Связи между слухом и движением чрезвычайно сильны. Слух и движение имеют общие эволюционные корни. Ухо возникло из органов, предназначенных для восприятия силы тяжести и положения организма в пространстве с целью осуществления движений. Когда мы просто слышим речь (и остаемся неподвижными), у нас активируется моторная кора, а также наши речевые мышцы. Прослушивание ритмического рисунка[52] или фортепианных мелодий[53] активирует двигательную систему мозга, особенно у музыкантов. Верно и обратное: у пианиста, глядящего на играющего на фортепиано человека, даже без возможности слышать звук, или у людей, читающих по беззвучным движениям губ, активируются слуховые центры[54]. Более того, движения играющих музыкантов влияют на восприятие слушателями таких аспектов, как эмоциональность или напряженность музыкальной пьесы, даже автоматически на физиологическом уровне[55].

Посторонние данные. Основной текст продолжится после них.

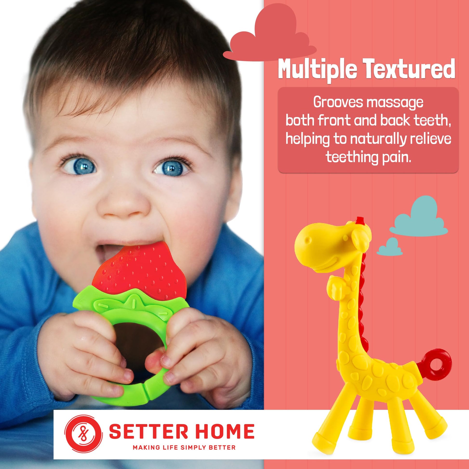 • ๐Ÿ› ๏ธ Easy to Use and Maintain:Compact and lightweight design makes these teething toys perfect for on-the-go soothing, whether at home or away.Dishwasher safe for easy cleaning and sterilization, ensuring hygienic use for your baby's safety and well-being.Designed to withstand rigorous chewing and play, offering long-lasting comfort and relief throughout your baby's teething journey.

Рис. 2.7. Зеркальные нейроны реагируют одинаково, когда вы выполняете какое-то действие или видите, как его выполняет кто-то другой.
Когда вы совершаете какое-то движение или видите/слышите, как его совершает кто-то другой, происходит реакция зеркальных нейронов (рис. 2.7)[56]. Эти нейроны помогают нам представить себе намерения и эмоции других людей при наблюдении за их действиями. Зеркальные нейроны могут вносить вклад в наше ощущение эмпатии и в обучение языку. Дефекты системы зеркальных нейронов связаны с аутизмом и могут объяснять, почему человеку с аутизмом трудно видеть мир с точки зрения других людей, хотя эта интерпретация не подтверждена[57].

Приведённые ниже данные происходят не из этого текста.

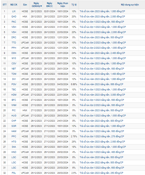 CTCP Thuỷ Điện Vĩnh Sơn - Sông Hinh (Mã VSH): Ngày 29/12/2023 là ngày đăng ký cuối cùng để chốt danh sách nhận cổ tức bằng tiền đợt 1 năm 2023 tỷ lệ 30% (1 cổ phiếu được nhận 3.000 đồng). Ngày thanh toán đợt 1 tỷ lệ 10% ngày 31/1/2024; đợt 2 tỷ lệ 20% ngày 22/3/2024.

Один из моих любимых примеров в курсе “Биологические основы речи и музыки” заключается в прослушивании звукозаписи фразы, которая после значительной трансформации превратилась в несколько секунд неразборчивого шума. Представьте себе Дарта Вейдера с зубной болью, изображающего в грозу Коржика из “Улицы Сезам”. Я проигрываю эту запись пару раз и прошу студентов поднять руку, если они узнают, что это такое. Никто и никогда не поднимает руку – невозможно даже разобрать, что это речь. Тогда я прокручиваю исходную версию фразы, а потом еще раз испорченную версию – эврика! Вдруг эта невнятная абракадабра становится понятна каждому студенту. Все поражаются, насколько очевидной (задним числом) оказывается бессмысленная фраза, и не понимают, в чем была сложность. То, что мы знаем, оказывает чрезвычайно сильное влияние на то, что мы слышим.
“Так приятно слышать звук твоего голоса!” Эта фраза описывает связь между звуком и чувством, сформировавшимся у нас на протяжении жизни в отношении близких людей. Лимбическая система, или система награды, ответственная за чувства, эмоции, мотивацию и вознаграждение, содержит целый набор структур в коре, стволе мозга, таламусе и гипоталамусе. Части этой системы относятся к самым старым в эволюционном плане частям мозга. Выживание зависит от запоминания того, как звучат опасность и пища.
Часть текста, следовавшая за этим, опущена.